Book Review: Roald Dahl: Expect the Unexpected. The Complete Short Stories, Volume One: 1944-1953

Roald Dahl wrote a lot of stories. Some of them were good. Some of them were less good. Some may have been bad, but of course, I’m not enough of a writer or critic of writers to say such a thing. I just know what I like. I may not be much of a writer, but I am enough of a writer to recognize the strength in Roald Dahl’s style of writing. Straight forward, linear sentences and strongly structured stories, simply stated. It’s the story, really, more than the writing that makes the story. Dahl has great stories. Interesting ideas, clearly presented. Intriguing, creative, deceptive, often disturbing stories, told very simply. Not one wasted word. Many of them in this volume of Dahl’s earliest stories are about his experience in the RAF during World War II. I very much enjoy World War II stories. I can’t get enough. And the perspective, tension and detail that Dahl provides in his WWII stories is intoxicating. Again, I’m no book blogger or critic of any kind…far from an expert, but I might dare to compare the style of writing to Ernest Hemingway. I can’t be the first to make that connection. (Gonna check Google now). But the straight ahead style; no nonsense, straight talk, here’s the story, nothing fancy, just a good story, and well told, reminds me of Hemingway, (and both my grandfathers), and for some reason, I’ve read alot of Hemingway.
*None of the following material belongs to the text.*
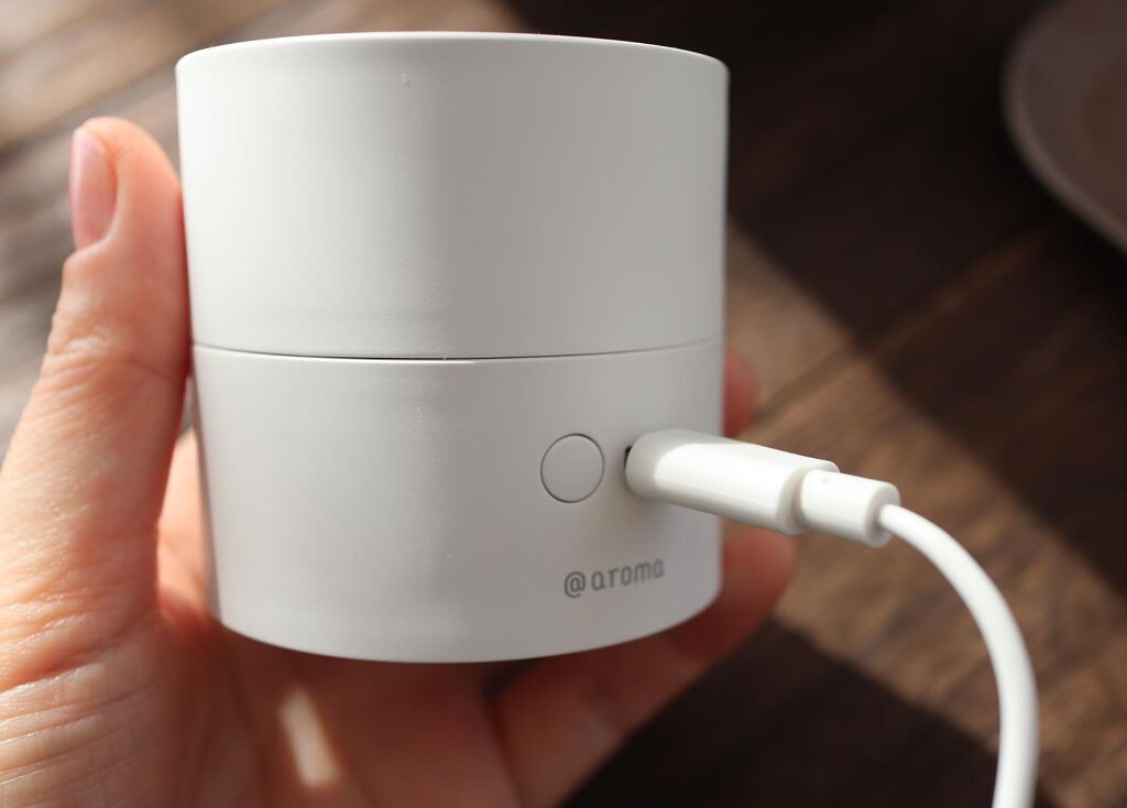 ブラウンの小さな手のりサイズのディフューザー。コロンとしていてとても可愛いデザイン。 オイルパッドが内蔵されているので、付属のアロマオイルを垂らすだけ。USB、電池両用使いも可能で携帯も出来るミニサイズ。 ハーバルシトラス10ml。ネロリやカモミール、オレンジなどフレッシュな香り。 スリープシープクールダウン10ml。夜用のリラックスタイムにオススメの香り。ラベンダーやミントの人気の高い香りでスムーズな入眠環境へ誘ってくれます。 届いてから毎日愛用しています。ライフスタイルにメリハリが叶う素敵なお品です。
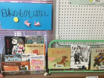 月替わりの「おすすめの本」コーナーは、春の本が並んでいます。「昔ばなし」コーナーもできました。本棚も作家名のあいうえお順に本が並んでいます。探している本が見つけやすくなっています。

I did some research. Dahl and Hemmingway in 1944. Who knew? I was just guessing based on their writing style. Hemingway never wrote children’s stories, though, as far as I know.
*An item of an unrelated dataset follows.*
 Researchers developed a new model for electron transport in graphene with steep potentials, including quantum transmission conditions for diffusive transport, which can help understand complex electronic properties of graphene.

“Baby shoes for sale, never used,” is Hemingway’s famous six word story. Dahl writes similar straightforward, simple but clearly detailed sentences with so much meaning behind the words. From The Soldier: “Yesterday, lying in bed in the early morning when the noise of the gunfire was just beginning far away down in the valley, he had reached out with his left hand and touched her body for a little comfort. ‘What on earth are you doing?’ Nothing, dear. ‘You woke me up.’ I’m sorry. It would be a help if she would only let him lie closer to her in the early mornings when he began to hear the noise of gunfire.”

If the reader may indulge, I’d like to add a short story alongside these literary giants, but I should say at the outset, should anyone wish to publish this story, I didn’t write it. An anonymous someone told me this story. Here it is: “We tried. It didn’t work. That’s it.”

Of course, in all these stories, there is so much left unsaid. There’s much more to it than that. And much more that to it, as well. But in some stories, words just get in the way. Dahl, Hemingway and Anonymous made an art of using only the absolutely necessary and essential words to capture and convey hearts and souls and stories. My own writing tends to be more dramatic, poetic, romantic, ambiguous and, admittedly, as these three legendary short story authors would surely agree, pathetic. It seems the more I write, the further I get from finishing the story.

In the spirit of disturbing and unexpected things, I’m putting this here because Dahl and Hemingway, and others I hope, can appreciate the direct clarity and unambiguous stoicism of the writing. It just is what it is:

“You are so beautiful like this.” His voice was a smoky whisper. “Lost in sensation, your lovely skin flushed. You make me need you. I need to touch you. Taste you.”

“Yes,” she murmured, the sponge moving over her sex, his words making her shudder, desire sharp and pure dancing into her. She felt desperate suddenly, needed him, all of him: his hands, his mouth, his lovely hard cock.

“God, what you do to me.” His tone was strangled as he dropped the sponge into the water and pulled her close, crushing her breasts against the hard plane of his chest. His cock was a rigid shaft against her belly. The energy between them shifted, intensified, a deep primal lust burning. And all she wanted was him inside her body.

……………………………………And so on.

The off-kilter beats of Radiohead. Disturbing and unexpected. Forget about your house of cards, and I’ll do mine.

This was all really unexpected, wasn’t it? It says “expect the unexpected” right in the title, so, as Radiohead sings in another song, “no alarms, no surprises, please.”